[FOM] Complexity of (Universal) Turing Machines

[Timothy Y. Chow]

Steve Gardner <Steven.Gardner at arts.monash.edu.au> wrote:
> However, reading the discussion of Alex Smith's recent claim to have 
> proved the universality of one of Wolfram's cellular automata, I see 
> that state-symbol product is also used to characterise the complexity of 
> Wolfram's cellular automaton: it is referred to as a 2-state, 3-symbol 
> TM. So here's my question: is state-symbol product the accepted standard 
> by which the complexity of any TM, regardless of formalism, is measured? 
> If it is, and if Smith's claim to have proved the universality of 
> Wolfram's (2,3) TM stands up, then can this TM be regarded as the 
> simplest possible UTM, without the need for any disclaimers about 
> formalism?

This subject has certainly not yet matured to the stage where one can 
dispense with disclaimers about formalism.  Note that even if there were 
an "accepted standard" for measuring the complexity of a TM, that would 
not necessarily be enough; I think you want more than a universally 
accepted *convention*---you want a *canonical* measure.

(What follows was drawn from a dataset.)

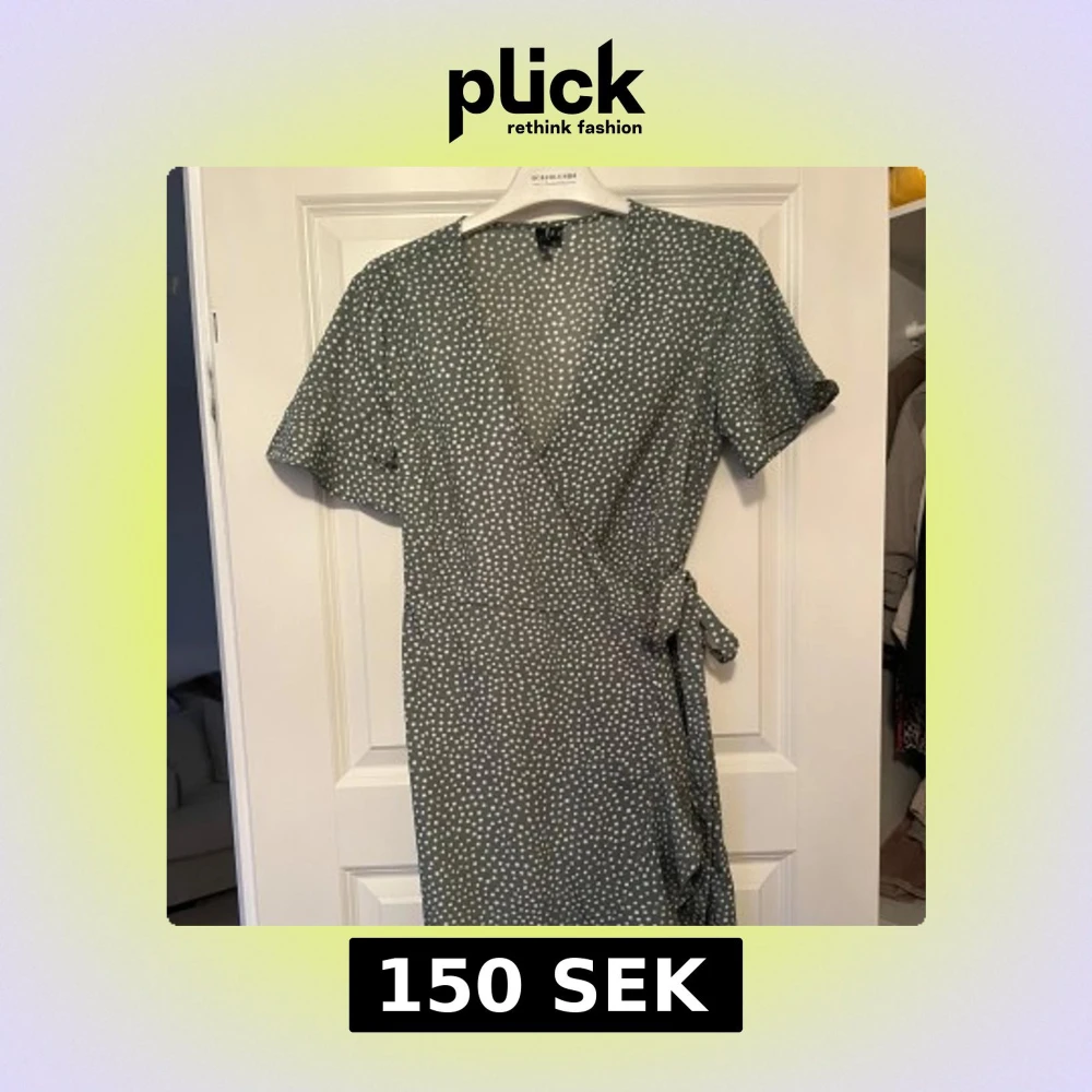 Grön omlottklänning från Vero Moda med vita prickar, kort ärm och knyt i midjan. Klänningen har volangdetalj nertill och v-ringad hals. Perfekt för dig som gillar en feminin och trendig look.

Kolmogorov complexity theory says that the choice of formalism makes no 
difference up to a constant, but the constant can be arbitrary, and there 
is no obvious way to make a canonical choice.

Coincidentally, the paper "Towards a stable definition of 
Kolmogorov-Chaitin complexity" by Delahaye and Zenil just appeared on the 
ArXiv (http://arxiv.org/abs/0804.3459).  I have not digested it, but it 
may be relevant to your question.

Tim